Beginning with the first line below, retype exactly each line through the one containing "Объяснение: 1)S=10*5-2*2-2*4=38 ;". Leave out all pictures.

BEGIN Dataset records

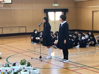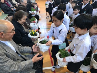 10月に縦割り班で植えた苗が大きくなり、今日地域の皆様にプレゼント式を行いました。みんなで育てた花で豊崎地域がいっぱいになるといいですね。
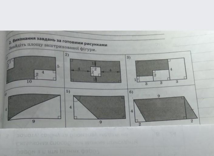Объяснение: 1)S=10*5-2*2-2*4=38 ; 2)S=4*10-2*2=36 ; 3)S=9*4-4*3-2*3-3*1=15 4)S=1/2ah=9*4:2=18 5) так в белом треугольнике углы раны и их сумма равна 90 то один из них 90/2=45 найдем другой угол х=180-90-45=45 значит это прямоугольно равнобедренный треугольник значит его вторая сторона равна 4 тогда площадь треугольника равна 1/2*4*4=8 1/2*4*4=8 теперь найдем площадь закрашенной части S=9*4-8=28 6) Sможно заметить что белый треугольник равен черному тогда надо просто найти площадь прямоугольника равна 9*4=36
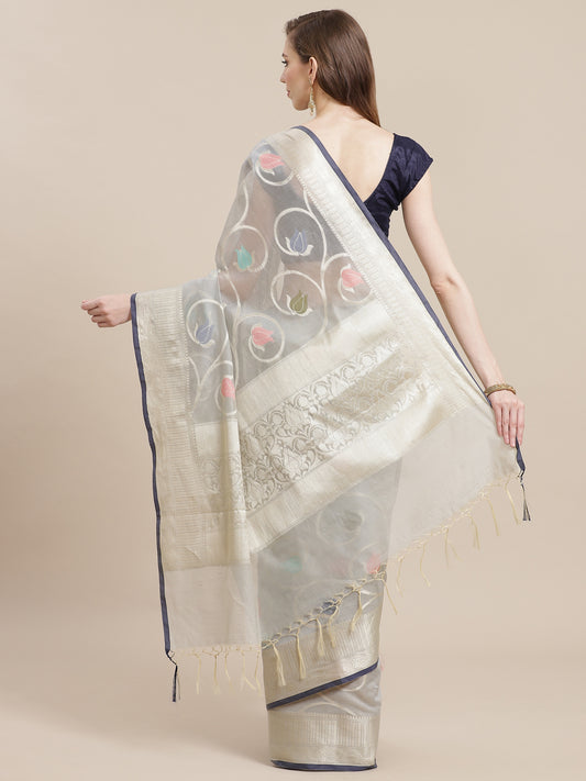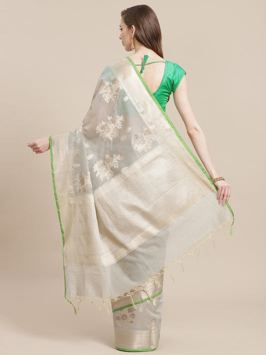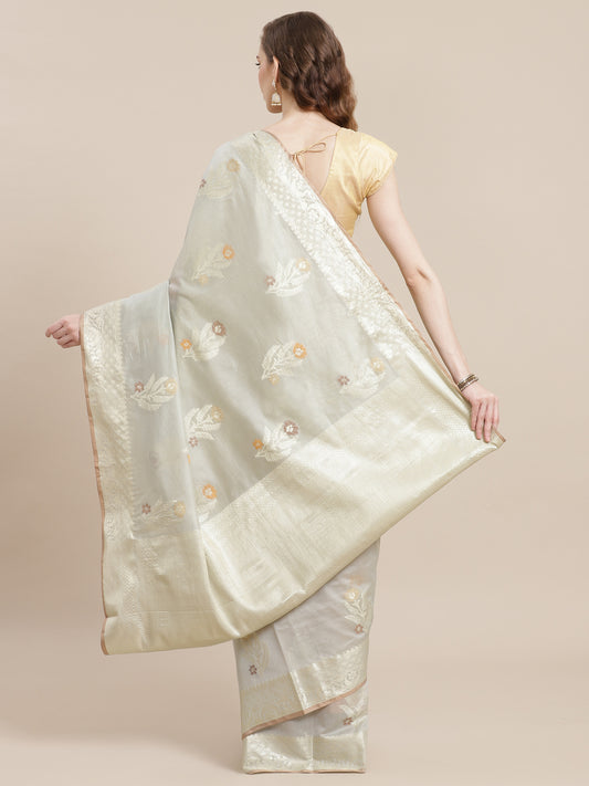 Faishana Presents Handwoven Grey Masrise Cotton Alfi Boota Zari Border With Grey Blouse Banarasi Saree
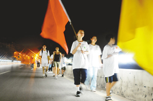 8月8日凌晨4点,白天喧嚣的洋人街一片静悄悄。数十名男女身穿统一的T恤,手拿矿泉水瓶,坚定地朝前走。头天深夜从大礼堂出发,沿两路口、长江大桥,到南滨路、弹子石洋人街,他们已走了一个通宵。
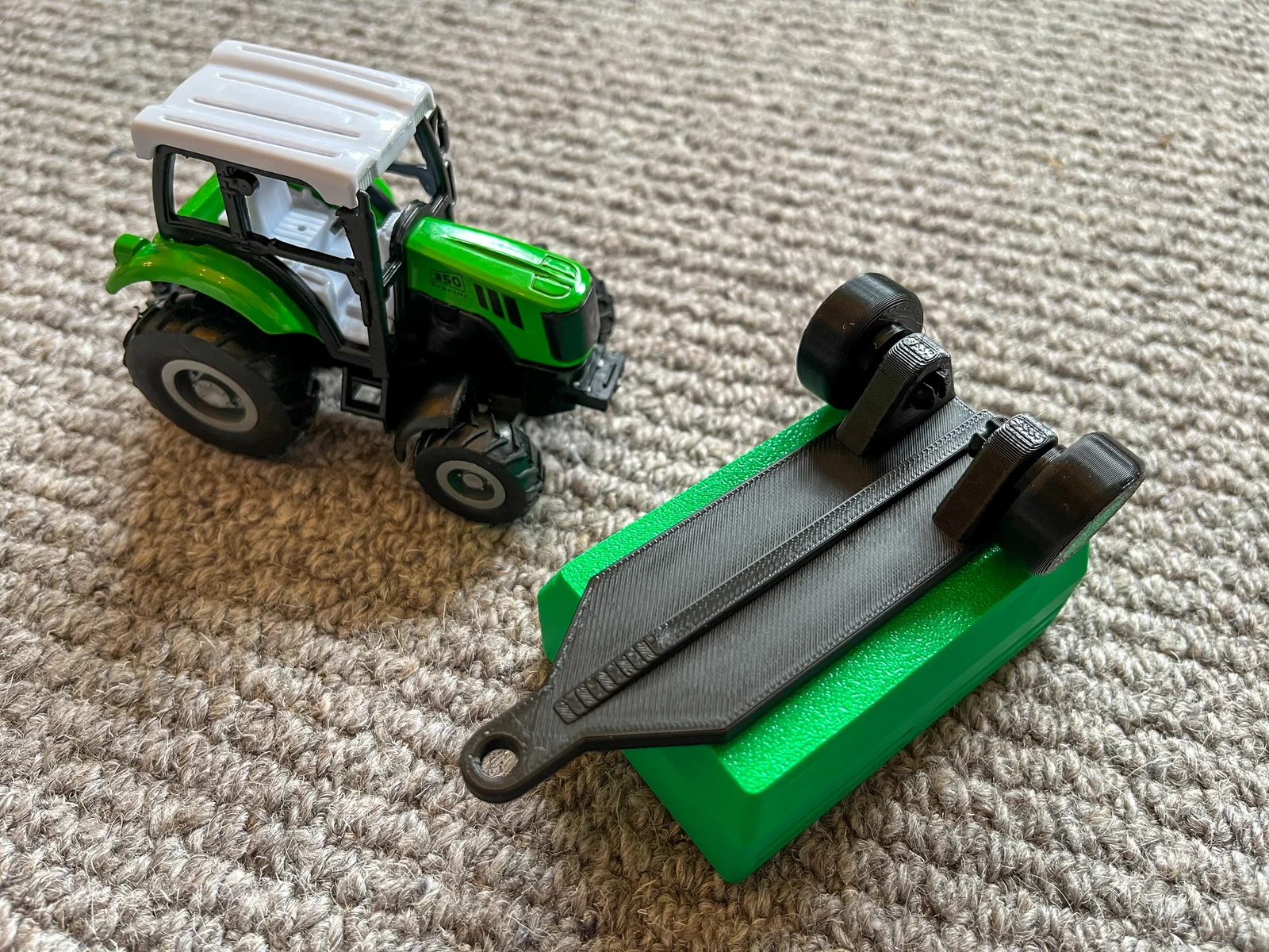 Con trai mình được tặng một chiếc Toy Tractor, nhưng cứ hỏi hoài cái Trailer đâu rồi. Mình tìm thử mà không thấy cái nào phù hợp, nên quyết định tự thiết kế rồi in cho bé một cái.
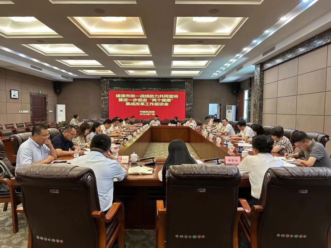 7月17日,永利3044官网唯一与中共建德市委统战部联合召开了建德市统一战线助力共同富裕暨进一步促进“两个健康”集成改革工作座谈会。会议主要围绕县域亲清政商关系开展了交流与研讨,旨在为构建健康、透明、高效的县域政商关系提供政策建议和实践路径。座谈会由建德市委常委、统战部长郑泽挥主持,建德市委办(改革促进中心)、市发改局、市商务局、市工商联等共16个市委市政府相关职能部门参与座谈和交流发言。我院院长文雁兵、党委书记蔡运男、副书记陈晶晶、院长助理胡进、国际经济与贸易系主任卓乘风以及共富院常务副院长顾骅珊参加。
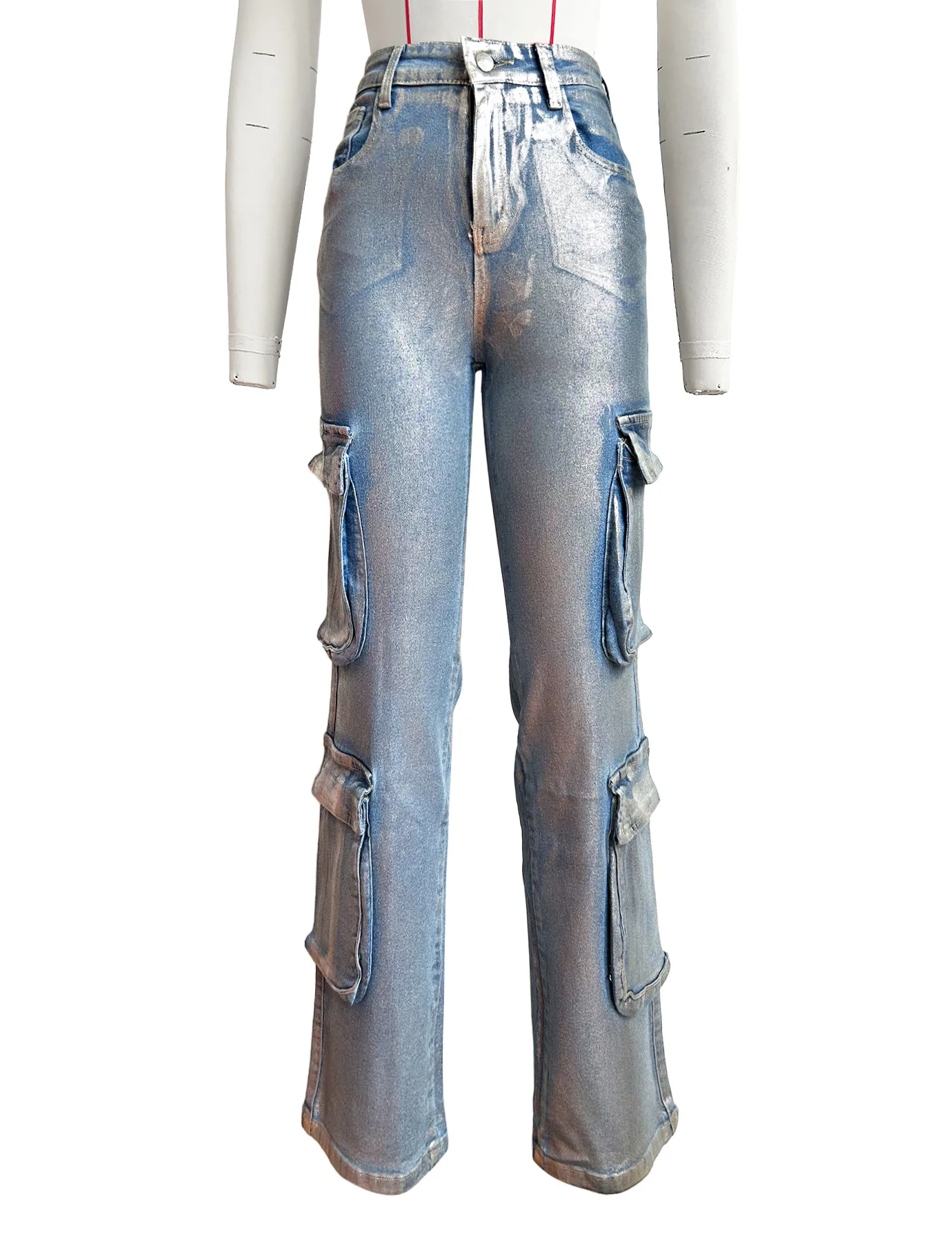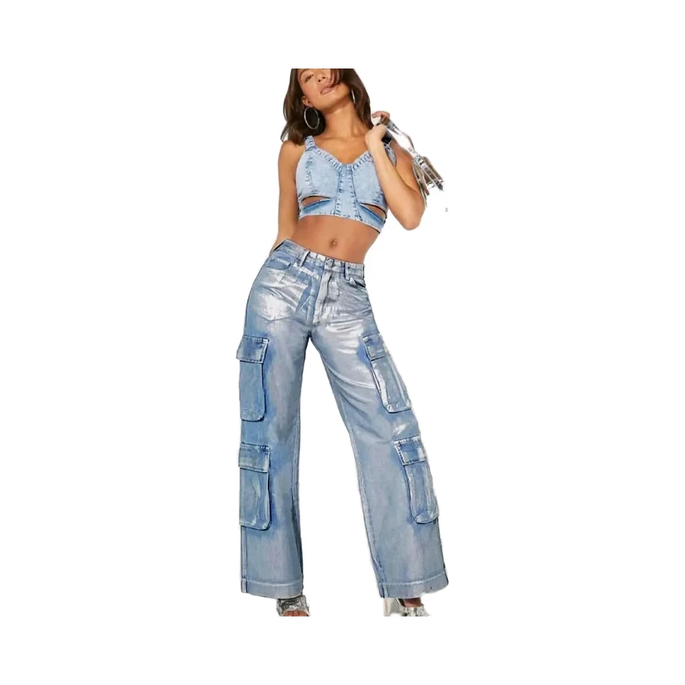 European American Women's High Loose Straight Cut Denim Overalls Breathable Casual Fashionable Silver Ironing Process Front
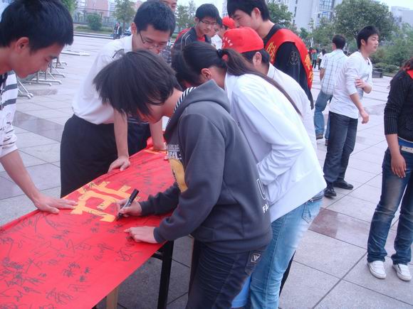 同学们在文明就餐的横幅上签名

END Dataset records

■ **Response below**
 10月に縦割り班で植えた苗が大きくなり、今日地域の皆様にプレゼント式を行いました。みんなで育てた花で豊崎地域がいっぱいになるといいですね。
Объяснение: 1)S=10*5-2*2-2*4=38 ; 2)S=4*10-2*2=36 ; 3)S=9*4-4*3-2*3-3*1=15 4)S=1/2ah=9*4:2=18 5) так в белом треугольнике углы раны и их сумма равна 90 то один из них 90/2=45 найдем другой угол х=180-90-45=45 значит это прямоугольно равнобедренный треугольник значит его вторая сторона равна 4 тогда площадь треугольника равна 1/2*4*4=8 1/2*4*4=8 теперь найдем площадь закрашенной части S=9*4-8=28 6) Sможно заметить что белый треугольник равен черному тогда надо просто найти площадь прямоугольника равна 9*4=36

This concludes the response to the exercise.